Given entries ::
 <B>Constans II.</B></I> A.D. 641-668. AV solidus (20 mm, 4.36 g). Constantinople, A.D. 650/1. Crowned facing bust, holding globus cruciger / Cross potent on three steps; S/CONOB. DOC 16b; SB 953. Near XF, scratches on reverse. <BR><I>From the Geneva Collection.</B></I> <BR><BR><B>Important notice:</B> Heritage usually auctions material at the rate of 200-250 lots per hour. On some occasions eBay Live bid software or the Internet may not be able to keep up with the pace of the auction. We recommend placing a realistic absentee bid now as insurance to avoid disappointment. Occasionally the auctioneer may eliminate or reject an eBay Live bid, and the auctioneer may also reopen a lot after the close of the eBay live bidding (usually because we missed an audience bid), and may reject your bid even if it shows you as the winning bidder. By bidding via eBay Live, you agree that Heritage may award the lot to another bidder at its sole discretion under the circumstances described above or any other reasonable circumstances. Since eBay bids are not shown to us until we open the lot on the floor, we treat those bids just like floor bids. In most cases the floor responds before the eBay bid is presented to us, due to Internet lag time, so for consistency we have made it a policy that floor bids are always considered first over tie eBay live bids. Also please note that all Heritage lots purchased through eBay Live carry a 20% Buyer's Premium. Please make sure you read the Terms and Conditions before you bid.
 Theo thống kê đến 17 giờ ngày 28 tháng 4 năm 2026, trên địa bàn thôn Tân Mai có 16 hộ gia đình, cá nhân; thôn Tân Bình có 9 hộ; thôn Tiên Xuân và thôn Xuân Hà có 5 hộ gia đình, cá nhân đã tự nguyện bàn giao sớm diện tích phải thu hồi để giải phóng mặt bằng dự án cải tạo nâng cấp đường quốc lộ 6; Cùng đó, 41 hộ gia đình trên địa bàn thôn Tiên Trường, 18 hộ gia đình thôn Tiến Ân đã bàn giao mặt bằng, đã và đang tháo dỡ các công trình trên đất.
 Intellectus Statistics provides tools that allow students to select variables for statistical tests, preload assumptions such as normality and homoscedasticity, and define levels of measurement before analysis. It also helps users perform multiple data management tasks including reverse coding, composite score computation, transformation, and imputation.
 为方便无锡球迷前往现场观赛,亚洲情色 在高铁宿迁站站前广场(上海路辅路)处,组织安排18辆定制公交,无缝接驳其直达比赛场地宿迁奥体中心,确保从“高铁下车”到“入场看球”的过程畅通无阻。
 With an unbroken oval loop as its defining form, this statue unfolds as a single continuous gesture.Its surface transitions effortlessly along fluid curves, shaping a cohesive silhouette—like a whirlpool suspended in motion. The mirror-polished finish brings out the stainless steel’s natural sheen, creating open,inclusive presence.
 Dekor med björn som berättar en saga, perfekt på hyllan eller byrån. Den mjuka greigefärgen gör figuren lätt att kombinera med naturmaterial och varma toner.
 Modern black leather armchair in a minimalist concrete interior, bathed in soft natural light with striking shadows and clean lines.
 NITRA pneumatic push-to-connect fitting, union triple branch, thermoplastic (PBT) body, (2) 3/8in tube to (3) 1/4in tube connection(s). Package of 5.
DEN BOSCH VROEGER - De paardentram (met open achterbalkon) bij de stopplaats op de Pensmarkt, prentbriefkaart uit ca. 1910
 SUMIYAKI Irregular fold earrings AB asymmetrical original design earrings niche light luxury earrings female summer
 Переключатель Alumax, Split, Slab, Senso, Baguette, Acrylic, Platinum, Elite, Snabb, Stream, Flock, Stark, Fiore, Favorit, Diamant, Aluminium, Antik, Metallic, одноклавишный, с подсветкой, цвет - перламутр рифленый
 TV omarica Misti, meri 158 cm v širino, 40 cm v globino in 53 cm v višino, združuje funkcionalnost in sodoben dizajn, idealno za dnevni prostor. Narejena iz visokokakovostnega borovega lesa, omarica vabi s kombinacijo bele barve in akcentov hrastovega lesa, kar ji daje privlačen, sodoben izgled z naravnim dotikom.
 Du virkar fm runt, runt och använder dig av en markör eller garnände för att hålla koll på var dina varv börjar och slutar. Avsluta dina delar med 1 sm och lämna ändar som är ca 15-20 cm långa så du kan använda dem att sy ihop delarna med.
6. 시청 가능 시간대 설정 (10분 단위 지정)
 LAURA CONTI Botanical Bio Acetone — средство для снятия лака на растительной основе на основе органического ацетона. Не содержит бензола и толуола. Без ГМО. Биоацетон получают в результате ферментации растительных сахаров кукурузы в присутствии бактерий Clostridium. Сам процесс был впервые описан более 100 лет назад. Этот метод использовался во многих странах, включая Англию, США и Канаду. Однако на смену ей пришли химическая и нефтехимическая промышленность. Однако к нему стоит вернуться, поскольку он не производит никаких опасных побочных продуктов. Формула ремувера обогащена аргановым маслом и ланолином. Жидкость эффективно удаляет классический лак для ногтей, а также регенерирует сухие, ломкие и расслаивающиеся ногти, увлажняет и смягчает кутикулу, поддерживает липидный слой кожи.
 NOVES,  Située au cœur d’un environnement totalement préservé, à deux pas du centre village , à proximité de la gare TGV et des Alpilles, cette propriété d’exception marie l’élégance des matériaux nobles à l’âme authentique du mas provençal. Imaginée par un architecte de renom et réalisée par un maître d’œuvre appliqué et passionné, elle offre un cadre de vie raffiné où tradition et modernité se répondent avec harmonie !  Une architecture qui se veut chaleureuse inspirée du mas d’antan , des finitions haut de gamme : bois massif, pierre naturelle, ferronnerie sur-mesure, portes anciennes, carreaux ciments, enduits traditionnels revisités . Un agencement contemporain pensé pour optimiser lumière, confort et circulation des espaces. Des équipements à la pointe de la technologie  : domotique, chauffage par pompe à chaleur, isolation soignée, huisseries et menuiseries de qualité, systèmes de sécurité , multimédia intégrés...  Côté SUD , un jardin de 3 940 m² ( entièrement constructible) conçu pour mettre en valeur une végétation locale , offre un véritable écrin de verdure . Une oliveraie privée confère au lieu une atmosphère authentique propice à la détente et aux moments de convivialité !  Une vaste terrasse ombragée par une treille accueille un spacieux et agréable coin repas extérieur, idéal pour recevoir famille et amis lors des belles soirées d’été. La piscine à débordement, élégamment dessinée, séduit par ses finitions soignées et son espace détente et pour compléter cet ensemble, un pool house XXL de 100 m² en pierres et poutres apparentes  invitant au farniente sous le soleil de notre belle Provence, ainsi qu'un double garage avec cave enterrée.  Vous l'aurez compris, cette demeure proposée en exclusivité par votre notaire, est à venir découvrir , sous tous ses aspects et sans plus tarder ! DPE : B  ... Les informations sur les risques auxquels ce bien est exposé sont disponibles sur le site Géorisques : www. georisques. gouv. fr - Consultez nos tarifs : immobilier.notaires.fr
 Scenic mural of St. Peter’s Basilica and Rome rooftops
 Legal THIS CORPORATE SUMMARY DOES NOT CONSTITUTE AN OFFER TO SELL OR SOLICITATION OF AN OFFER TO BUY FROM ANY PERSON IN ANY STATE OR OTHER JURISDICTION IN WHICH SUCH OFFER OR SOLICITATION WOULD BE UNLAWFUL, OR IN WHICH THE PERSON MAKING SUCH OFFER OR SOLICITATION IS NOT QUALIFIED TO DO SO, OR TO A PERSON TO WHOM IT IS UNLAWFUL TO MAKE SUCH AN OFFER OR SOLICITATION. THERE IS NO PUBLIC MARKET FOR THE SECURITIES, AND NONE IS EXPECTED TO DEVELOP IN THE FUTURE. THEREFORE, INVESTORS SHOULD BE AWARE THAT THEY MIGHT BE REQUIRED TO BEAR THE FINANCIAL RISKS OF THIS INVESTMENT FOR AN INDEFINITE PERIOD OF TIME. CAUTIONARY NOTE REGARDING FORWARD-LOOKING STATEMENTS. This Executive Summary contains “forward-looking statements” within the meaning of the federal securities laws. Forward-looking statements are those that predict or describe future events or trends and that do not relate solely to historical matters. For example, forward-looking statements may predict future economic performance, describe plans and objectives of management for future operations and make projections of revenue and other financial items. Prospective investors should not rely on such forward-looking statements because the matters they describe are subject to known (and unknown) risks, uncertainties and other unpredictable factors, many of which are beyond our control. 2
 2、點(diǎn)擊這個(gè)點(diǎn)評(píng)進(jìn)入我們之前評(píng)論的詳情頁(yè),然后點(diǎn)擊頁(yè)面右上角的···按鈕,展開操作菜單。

Problem statement :: An exact, complete copy of the lines above from the one with "TV omarica Misti, meri" through the one with "LAURA CONTI Botanical" is the whole answer.

Result of the task ::
 TV omarica Misti, meri 158 cm v širino, 40 cm v globino in 53 cm v višino, združuje funkcionalnost in sodoben dizajn, idealno za dnevni prostor. Narejena iz visokokakovostnega borovega lesa, omarica vabi s kombinacijo bele barve in akcentov hrastovega lesa, kar ji daje privlačen, sodoben izgled z naravnim dotikom.
 Du virkar fm runt, runt och använder dig av en markör eller garnände för att hålla koll på var dina varv börjar och slutar. Avsluta dina delar med 1 sm och lämna ändar som är ca 15-20 cm långa så du kan använda dem att sy ihop delarna med.
6. 시청 가능 시간대 설정 (10분 단위 지정)
 LAURA CONTI Botanical Bio Acetone — средство для снятия лака на растительной основе на основе органического ацетона. Не содержит бензола и толуола. Без ГМО. Биоацетон получают в результате ферментации растительных сахаров кукурузы в присутствии бактерий Clostridium. Сам процесс был впервые описан более 100 лет назад. Этот метод использовался во многих странах, включая Англию, США и Канаду. Однако на смену ей пришли химическая и нефтехимическая промышленность. Однако к нему стоит вернуться, поскольку он не производит никаких опасных побочных продуктов. Формула ремувера обогащена аргановым маслом и ланолином. Жидкость эффективно удаляет классический лак для ногтей, а также регенерирует сухие, ломкие и расслаивающиеся ногти, увлажняет и смягчает кутикулу, поддерживает липидный слой кожи.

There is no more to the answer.